Note that there are definitely some worthwhile corrigibility related topics that are discussed only/mainly in blog posts and in LW comment threads, but not in any of the papers I mention above or in my mid-2019 related work section. For example, there is the open question whether Christiano's Iterated Amplification approach will produce a kind of corrigibility as an emergent property of the system, and if so what kind, and is this the kind we want, etc. I have not seen any discussion of this in the 'formal literature', if we define the formal literature as conference/arxiv papers, but there is a lot of discussion of this in blog posts and comment threads.Replies from: algon33
↑ comment by algon33 ·
2020-08-20T16:34:36.823Z · LW(p) · GW(p)
Dutch custom prevents me from recommending my own recent paper in any case
This phrase and its implications are perfect examples of problems in corrigibility. Was that intentional? If so, bravo. Your paper looks interesting, but I think I'll read the blog post first. I want a break from reading heavy papers. I wonder if the researchers would be OK with my drawing on their blog posts in the review. Would you mind?

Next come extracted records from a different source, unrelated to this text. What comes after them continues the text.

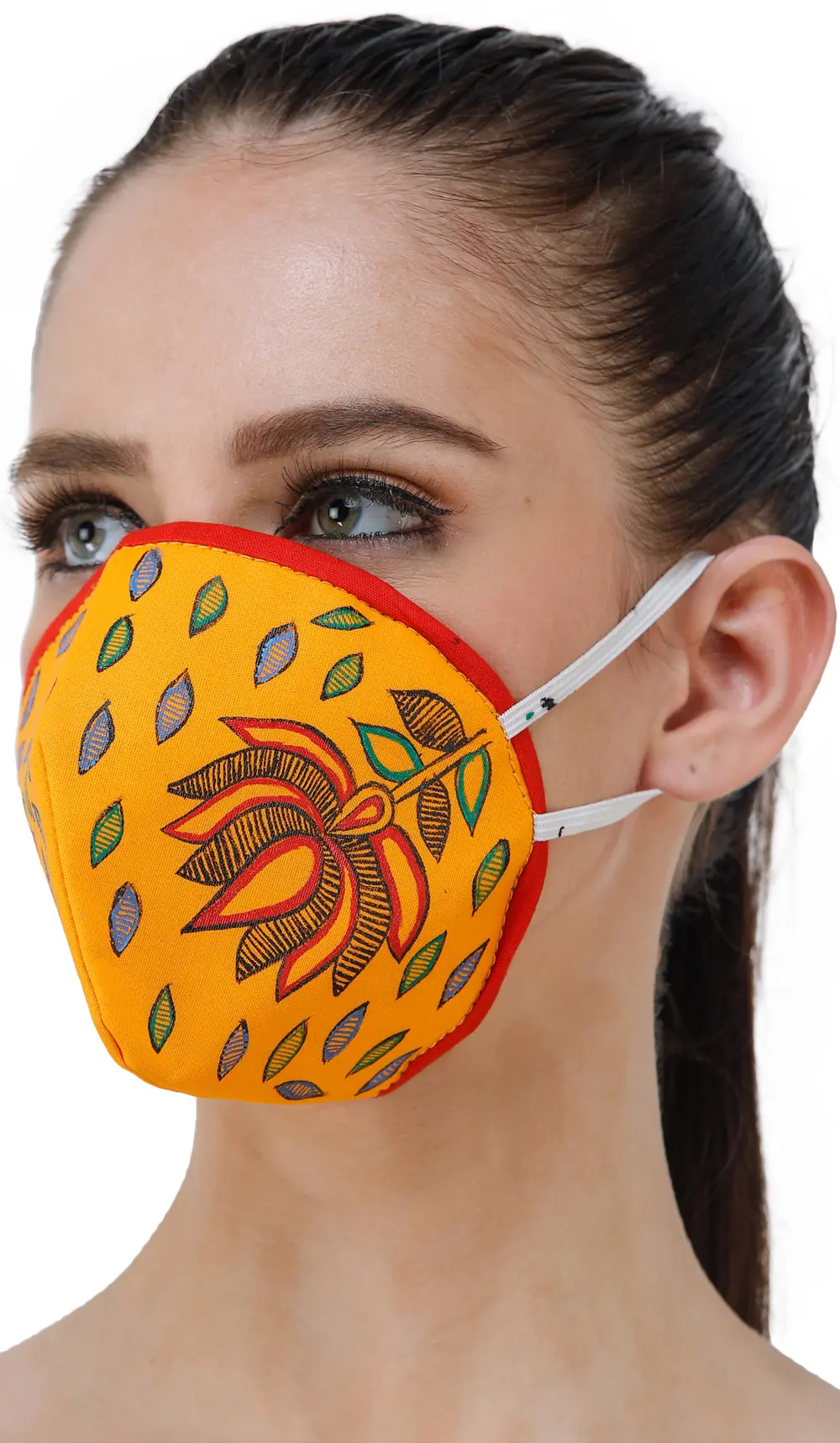 Three Ply Cotton Fashion Mask with Hand-Painted Madhubani Motifs (Ornated-Flowers)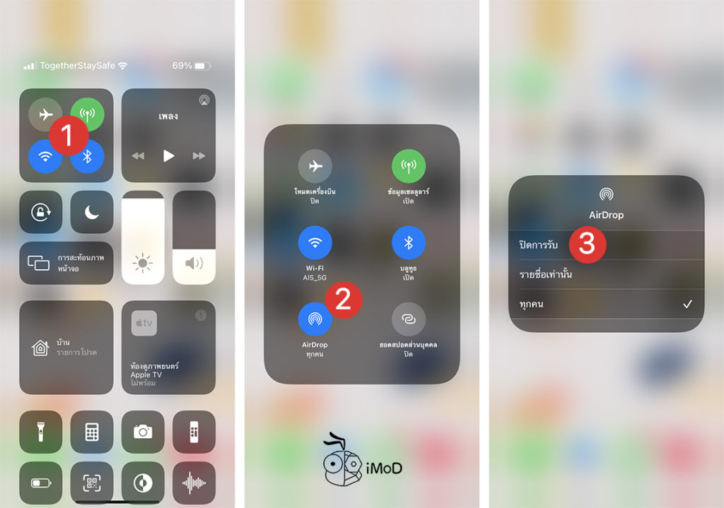 การลบผู้ติดต่อจากการส่ง AirDrop จะใช้วิธีการเปิดรับ AirDrop โดยไปที่ Control Center > แตะค้างที่ส่วนการเชื่อมต่อ > แตะค้างที่ AirDrop แล้วเลือก ปิดการรับ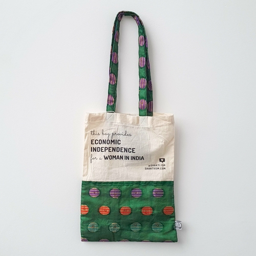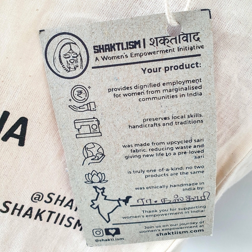 The makers earn fair wages for making these bags, so your purchase directly impacts the lives of disadvantaged women! Each set of bags is made from the off-cuts of one sari, so colours and patterns may vary depending on which piece of the sari was used.
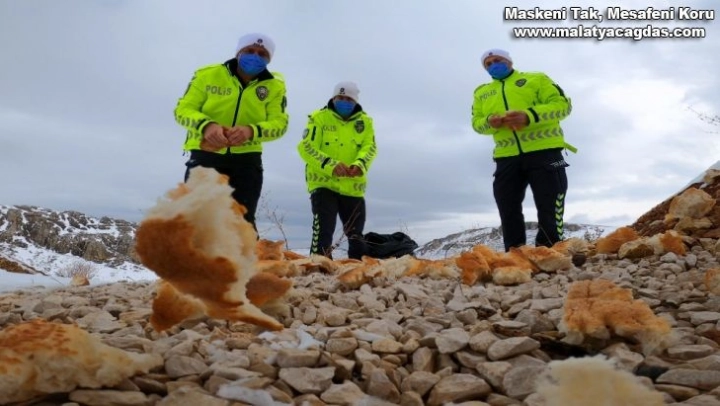 Darende Bölge Trafik İstasyon Amirliği'nde görev yapan polis ekipleri, dağlarda yem bulmakta zorlanan hayvanlar için ekmek ve yem bıraktı.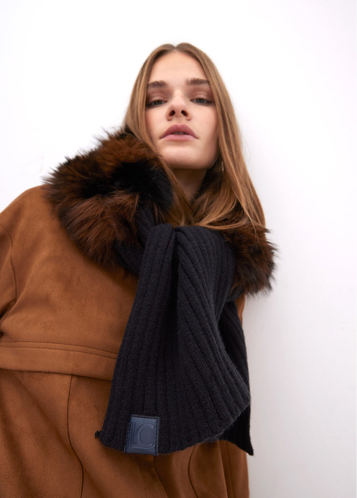 Κομψό κασκόλ "LOLA CASADEMUNT" που συνδυάζει ζεστό πλεκτό με απαλό ύφασμα από faux fur.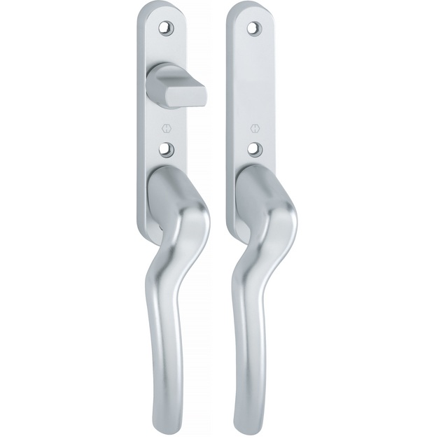 Det invändiga handtaget är utrustat med ett vred, vilket möjliggör enkel låsning och upplåsning från insidan. Detta kan vara särskilt användbart i situationer där snabb och enkel kontroll över dörrens låsstatus är önskvärd. Det utvändiga handtaget ger en bekväm och stabil greppyta för att öppna och stänga dörren från utsidan.
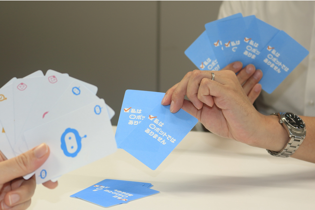 手元のカードを場に出す際には、「私はロボットではありません」と発言します。インターネット上での認証に用いられるこの言葉を、ゲームの一要素として組み込みました。真剣な声でも、ロボットっぽく言い換えても、どのように表現してもかまいません。この発言で相手を揺さぶるのも戦略です。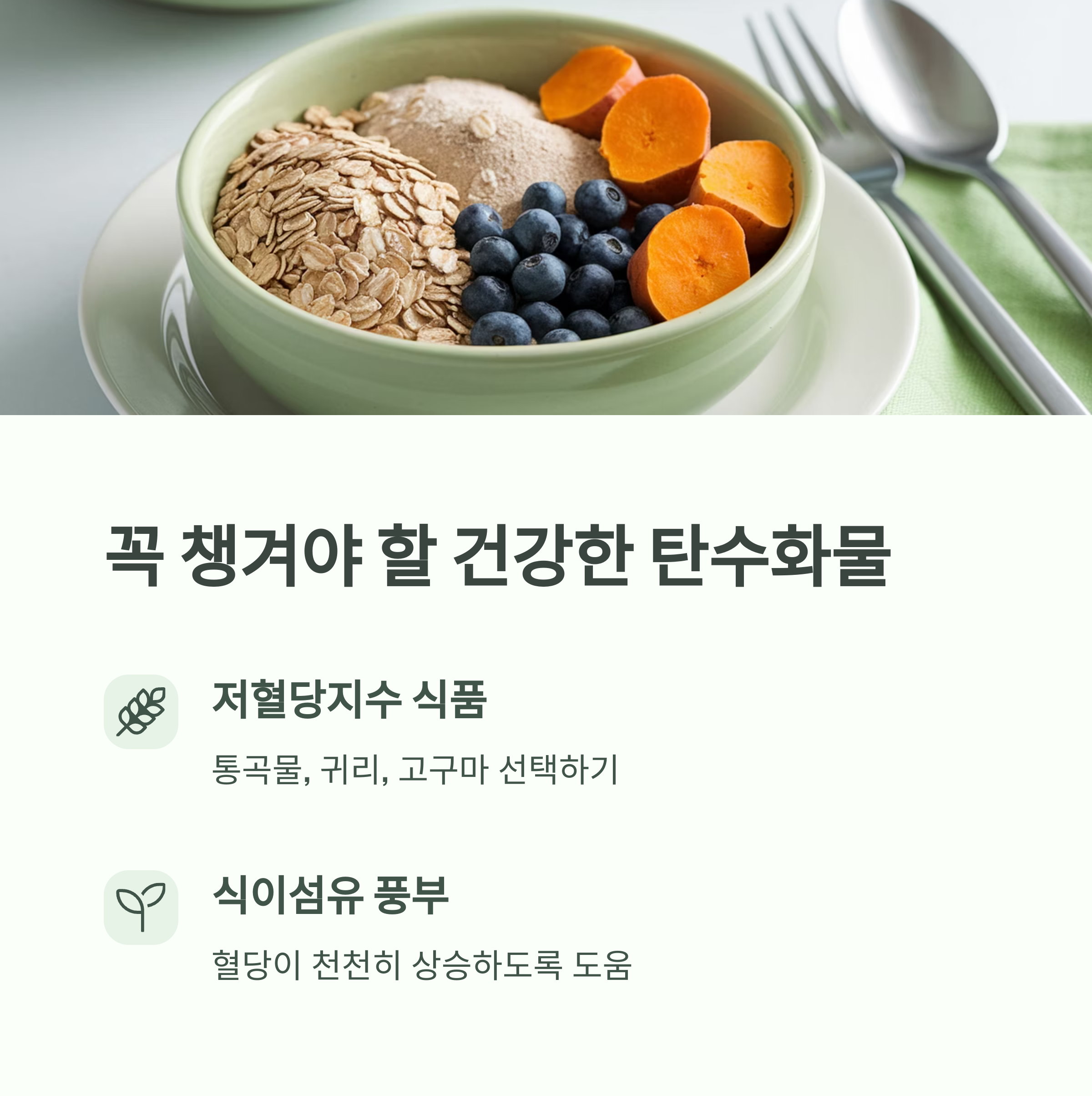 | 빠른 혈당 상승 유발 | 천천히 소화되고 혈당 안정화 | 포만감 유지 및 혈당 급등 방지 |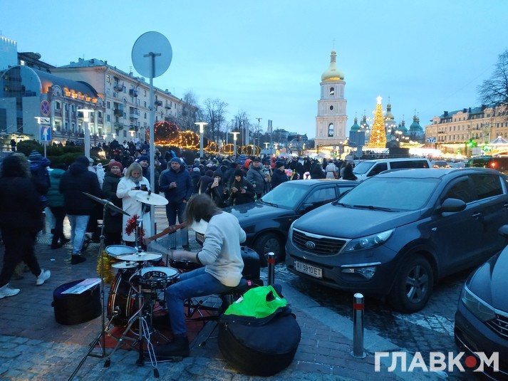 Біля головної ялинки країни на Софійській площі у Києві тривають народні гуляння, присвячені новорічним святам. Як і щороку, тут можна покататися на атракціонах чи ковзанці, випити склянку глінтвейну чи зробити світлину на тлі різноманітних святкових фотолокацій.

Thanks for recommending "Reward tampering", it is much appreciated. I'll get on it after synthesising what I've read so far. Otherwise, I don't think I'll learn much.Replies from: Koen.Holtman
↑ comment by Koen.Holtman ·
2020-08-20T16:50:41.002Z · LW(p) · GW(p)
Nope, not intentional.
You should feel free to write a literature overview that cites or draws heavily on paper-announcement blog posts. I definitely won't mind. In general, the blog posts tend to use language that is less mathematical and more targeted at a non-specialist audience. So if you aim to write a literature overview that is as readable as possible for a general audience, then drawing on phrases from the author's blog posts describing the papers (when such posts are available) may be your best bet.